According to the report, real unemployment is higher than the official figure. It argues that, including discouraged workers in the unemployment rate (following the U4 definition by the US Bureau of Labor Statistics), the real unemployment rate in Q2 2015 was 19.7% (compared with the official unemployment rate of 14.9%). And this compares with a figure for 2008 of 6.2%.
Consequences of higher taxes and reduced social spending
The report examines a number of indicators of the social consequences in Cyprus of the fiscal consolidation, imposed by the adjustment programme during 2010–2014. To measure the social consequences, correlations were made between figures for fiscal effort (higher taxes and reduced public spending) and figures describing living conditions.
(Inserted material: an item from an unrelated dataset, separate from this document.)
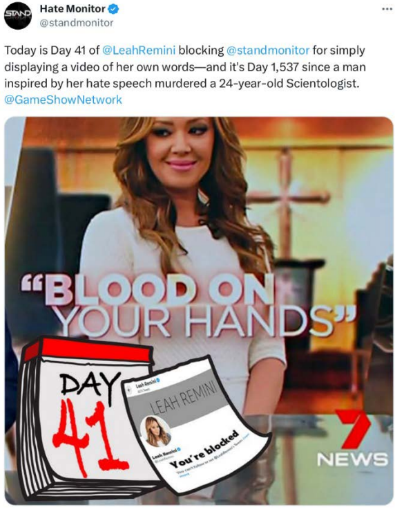
11:00 AM · Mar 19, 2023 · 1,285 Views 5 Retweets 21 Likes

1 2 3 4 5 6 7 8 9 10 11 12 13 14 15 16 17 18 19 20 21 22 23 24 25 26 27 28

The indicators are as follows:
- the rate of employment (as a proportion of working age population);
- the rate of unemployment among young people aged 15–24;
- the number of people below the poverty line;
- the number of people living in a state of material deprivation.
The analysis investigates the hypothesis that fiscal effort has had strong negative effects leading to unemployment, a deterioration in young people's living conditions, and increased poverty and material deprivation. The cumulative change of the structural primary balance is taken as a measure of fiscal effort.
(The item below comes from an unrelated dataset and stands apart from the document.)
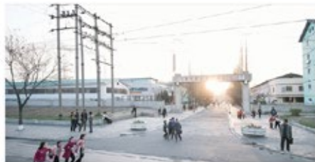
In the early twentieth century Pyongyang, now the capital of North Korea, was called “the Jerusalem of the East” because it had so many church buildings

Every year, thousands attempt to escape to China or South Korea. The Chinese government is thought to conspire with the North Korean authorities to forcibly repatriate those who manage to cross the border. According to an official who defected, escapees are tortured until they reveal where they have been and who they have contacted. Any suspected of being Christian are especially targeted.
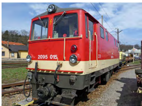
Cl.2095 015 stands at the head of a rake of departmental wagons Alpenbahnhof, 11 th April 2013

Continuing to Etsdorf Straß to the NÖVOG Depot and workshop, where there was a man in the Depot, we asked permission...he nodded. There were 2 ex ÖBB class 2043s a class 2062 shunter and a class 2067 shunter. Down the yard was a preserved class 2045. We went into the works area where

Decline in employment rate: the employment rate fell from 69% in 2010 to 62% in 2014 following the intensification of fiscal effort. This finding takes into account both the overall rate and the separately estimated rates for young people and prime age workers.
Rise in number of people in poverty: In 2010, some 202,000 people were living below the poverty line; in 2014, that figure had risen to 234,000. The negative correlation between fiscal effort and the number of people in poverty shows that the sharp rise in the poverty index during 2012–2014 can be attributed to the recessionary effects of fiscal effort.
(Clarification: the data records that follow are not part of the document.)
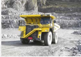
Model: Komatsu HD 785-7 Capacity: 100 tons QTY: 15
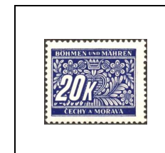
20 k 14
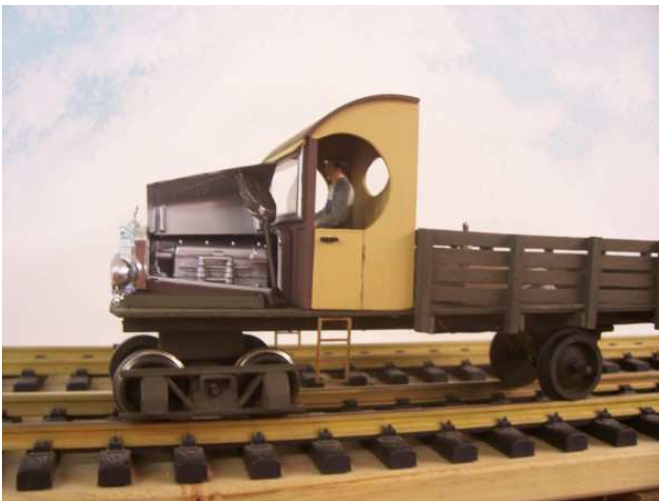
Engine & Hood from a Die-Cast truck model.

Rise in material deprivation: A similar picture is seen when fiscal effort is correlated with the general index of material deprivation, or partial indicators that describe particular aspects of material deprivation. Some 92,000 people were in a state of material deprivation in 2010, this figure rising to 131,000 in 2014.
Another set of three indicators have been calculated in order to examine the reduction in social spending:
- annual public health expenditures per person;
- annual public education expenditures per person under the age of 24;
- annual expenditures for unemployment benefits per unemployed person (all expenditures at constant prices).
During the implementation of the adjustment programme, the decrease in public spending per beneficiary was dramatic. Public spending for education decreased by 13.8% – from €5,300 per person under the age of 24 to €4,570. Spending for health declined from €740 to €640 per person in the general population (-13.5%), and unemployment benefits per unemployed person decreased by 27.6%, from €4,410 to €3,190.